De Proeftuin Veenweiden is gestart. Maar wat is nu precies de meerwaarde van deze proeftuin voor de westelijke veenweidegebieden? De ambities zijn hoog. De hoofdambitie is vooral een forse extra ammoniakreductie via de landbouw. Door dit via slimme maatregelen te doen levert dat voor de melkveehouder geld op. Maar zorgt het ook nog voor betere waterkwaliteit, minder bodemdaling, minder CO2 emissie en meer koeien langer in de wei. En tenslotte leidt een forse afname in de NH3 emissie/depositie in de melkveehouderij tot extra ruimte voor economische ontwikkeling in andere sectoren.

Extra reductie

Het is de ambitie om minimaal 1.5 kton extra ammoniakreductie te realiseren bovenop de (landelijke) afspraken van 10 kton reductie die de landbouwsector al heeft gemaakt. Vertaalt naar het veenweide gebied gaat het dan globaal om 0,5 tot 1 kiloton.

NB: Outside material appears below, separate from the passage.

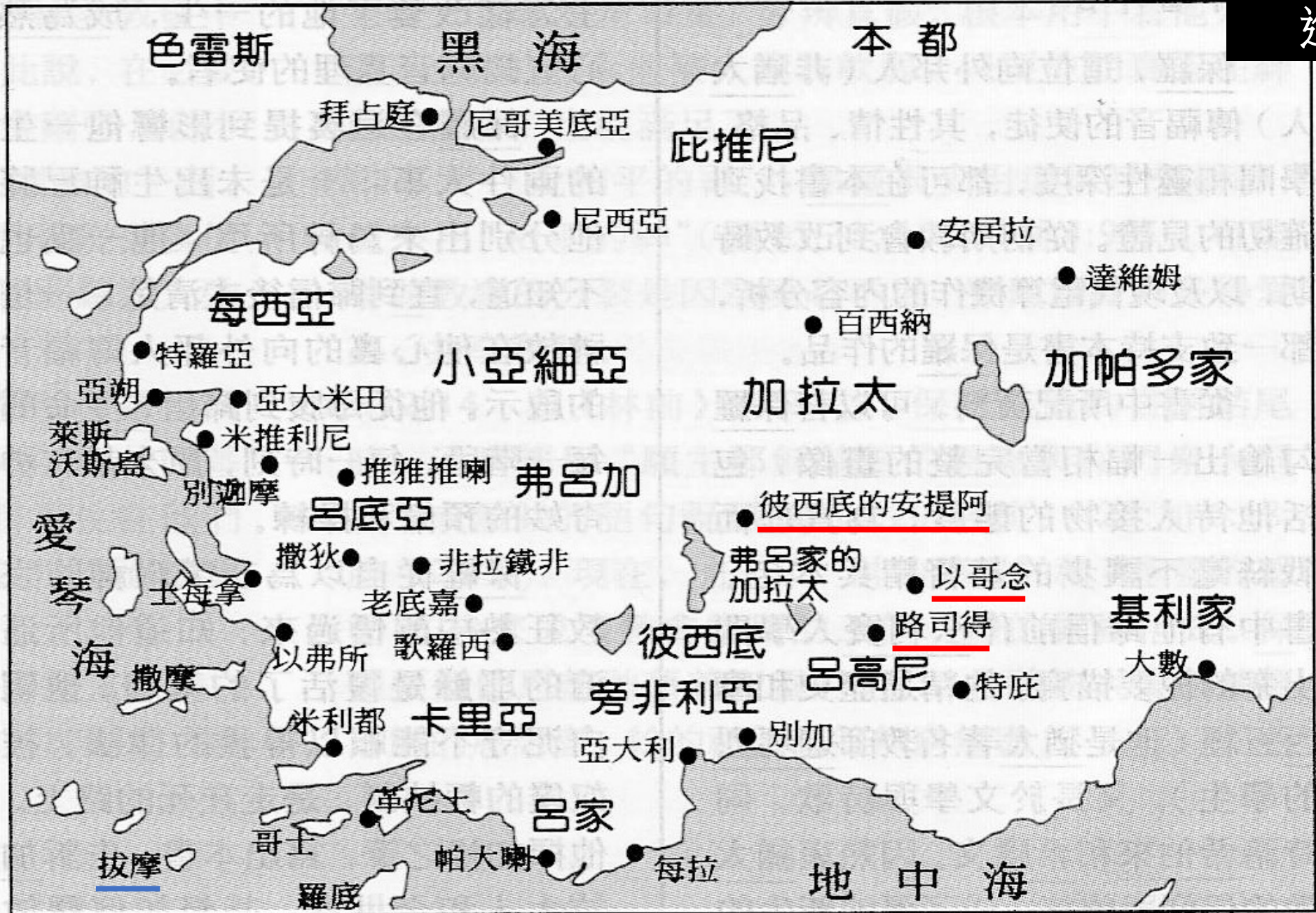
南加拉太地圖：保羅在此建立彼西底的安提阿，以哥念，特庇，路司得等教會。

Bedrijfsontwikkeling melkveehouderij

ammoniakreductieVeel voer- en managementmaatregelen die zorgen voor ammoniakreductie leveren geld op in de bedrijfsvoering. Dat kan door lagere kosten, extra grasgroei en/of minder arbeidsinzet. Daarnaast gaat de Proeftuin er voor zorgen dat deze maatregelen ook te gebruiken zijn voor vergunningverlening.

Andere sectoren

Het westelijke veenweidegebied is omringd door bedrijvigheid en verkeerswegen. De havens en de luchthaven hebben de afgelopen decennia een behoorlijke groei doorgemaakt. Ook vindt een overgroot deel van de verkeersbewegingen van Nederland plaats in de Randstad. Deze bedrijven (met groeiambities) en het groeiende aantal verkeersbewegingen zorgen samen met de melkveehouderij voor de stikstofbelasting op natuurgebieden. De Proeftuin heeft ook als ambitie om bij te dragen aan ruimte voor ontwikkeling van andere economische sectoren. Natuurlijk niet voor niets. De inschatting is dat de kosten per kg stikstofreductie in de melkveehouderij fors lager zijn dan in andere economische sectoren.

Ruimte voor ontwikkeling

De Proeftuin wil een concrete gebiedsgerichte aanpak ontwikkelen die het mogelijk maakt om extra inspanningen van een grote groep melkveehouders voor minder ammoniakdepositie ook daadwerkelijk te kunnen belonen. En tegelijker tijd daarmee bijdragen aan extra natuurkwaliteit/minder depositie en aan economische ontwikkeling van andere sectoren. Belangrijke vraag hierbij is de verdeling van de gerealiseerde stikstofwinst tussen natuur en economie. Dit is een spannend en uitdagend traject voor de komende jaren.